Na drie jaar is er weer een fysieke editie van het International Film Festival Rotterdam (IFFR). 

In 2021 werd Kelly Reichardt’s meesterwerk First Cow op IFFR (online editie) vertoond. Showing Up is een film over een kunstenares die beelden maakt. Lizzie, gespeeld door Michelle Williams, worstelt met haar werk en de verplichtingen die ze heeft tegenover haar collega’s en familie. Bovendien huurt ze een woning bij een collega (Hong Cau) die tevens haar rivaal is wat betreft kunst. Daarnaast zorgt ze voor een gewonde duif. Alweer een dier in een film van Reichardt, dieren hebben bij haar een metaforische lading, zoals de koe in First Cow en de hond in Wendy and Lucy.

Showing Up komt als een schok na epische films als Meek’s Cutoff en First Cow. De nieuwe film is intiemer, oogt alsof het in haar achtertuin is opgenomen en dat voor de meesteres van het Amerikaanse landschap. Gemaakt tijdens de pandemie, is de film schijnbaar uit de losse pols geschoten.
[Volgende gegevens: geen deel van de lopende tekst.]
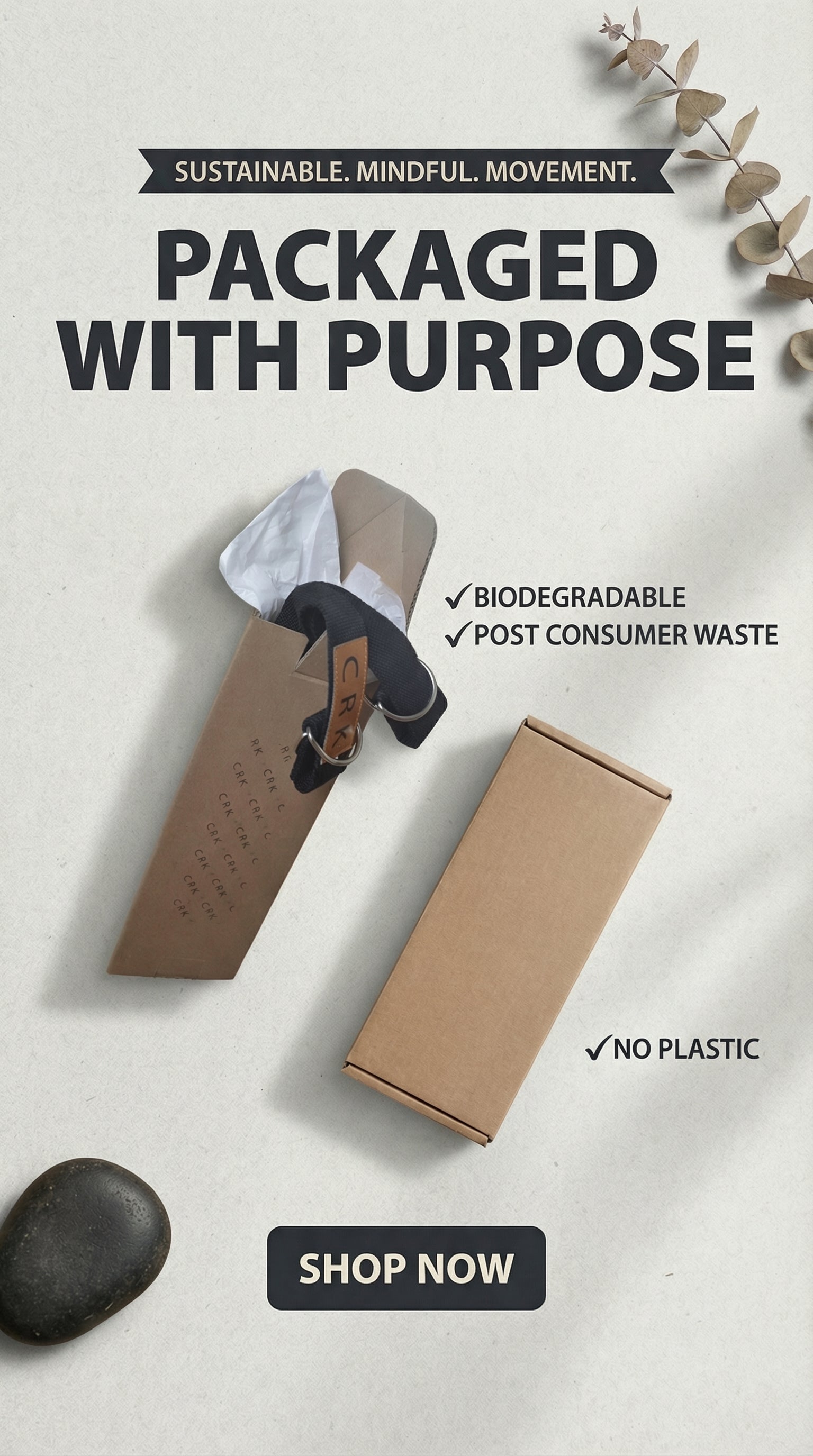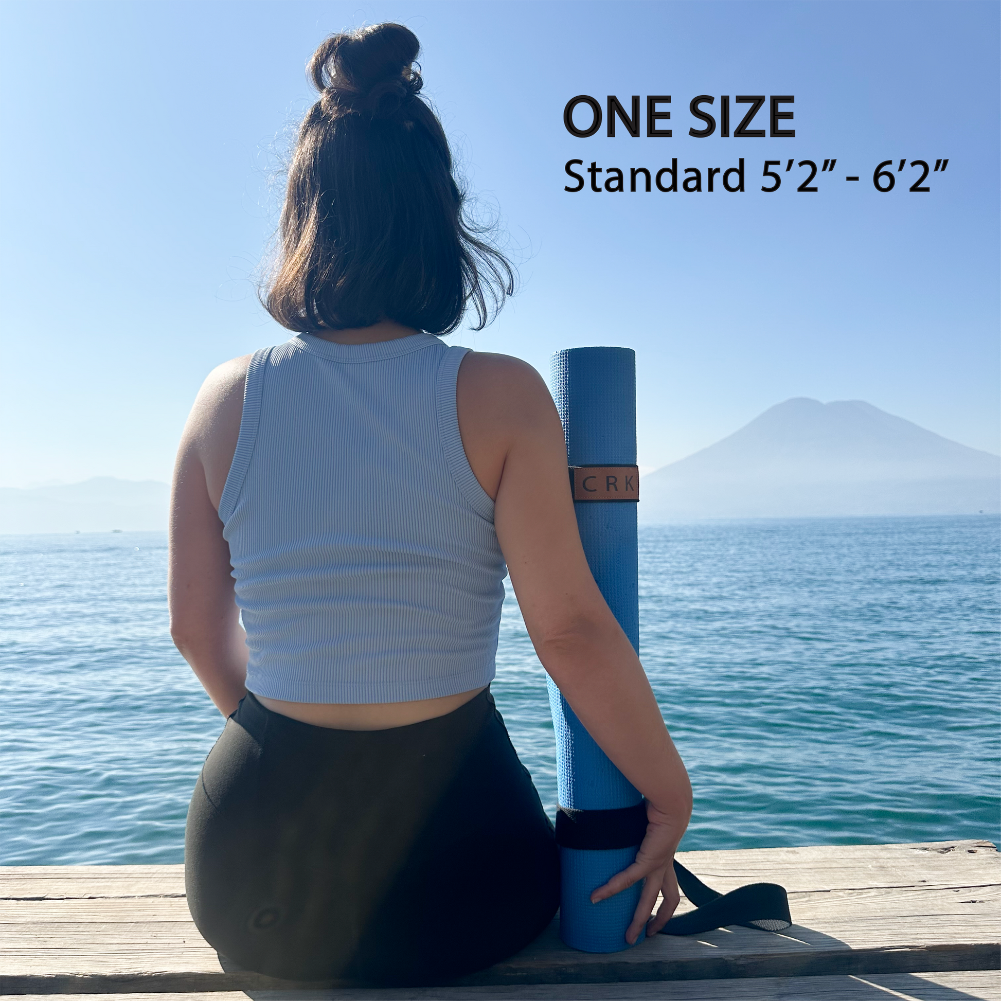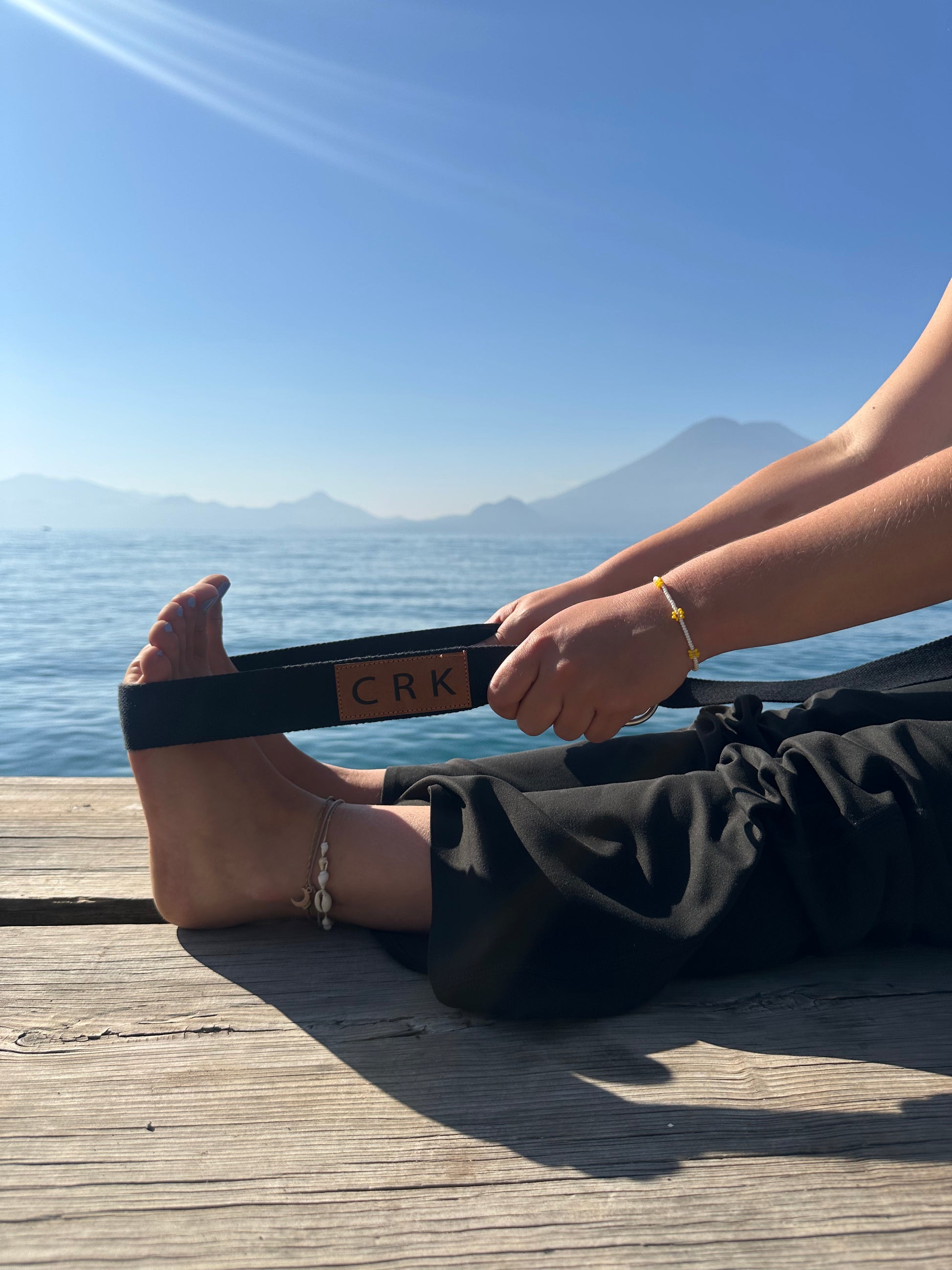 This yoga strap doubles as a travel and stretching strap for your practice. It’s adjustable and fits perfectly on my CRK yoga mat! The packaging is also super efficient and recyclable. Thank you, CRK!

In sfeer en aanpak doet de film denken aan Old Joy (2006), het hippie gevoel hebben beide films gemeen. Het is een bedrieglijk simpele film. Ongewoon voor haar is dat ze met de camera dicht op de personages zit. Daarbij lijkt de kunstenaarsgemeenschap waar het zich afspeelt op de hak genomen te worden.  Zou Reichardt zomaar een satire over kunstenaars gemaakt hebben? Bedrieglijk simpel is de film, maar er zit ongerijmdheid in haar werk, eenduidig is het nooit.


Showing Up

Ze maakt films met een antropologische blik, zoals de multiculturele mix van mensen in Oregon 1820, in First Cow. Haar films leven door de veelzeggende en nauwkeurige details. Iets dergelijks heeft ze gedaan met het milieu van de kunstenaars in Showing Up. Michelle Williams die voor de vierde keer in een film van Reichardt acteert, zet iedere keer een totaal ander personage neer. Hier is ze bijna onherkenbaar, alleen de stem van Williams is vaag te registreren. Haar personage wankelt op de rand van implosie, de actrice levert een puike vertolking.  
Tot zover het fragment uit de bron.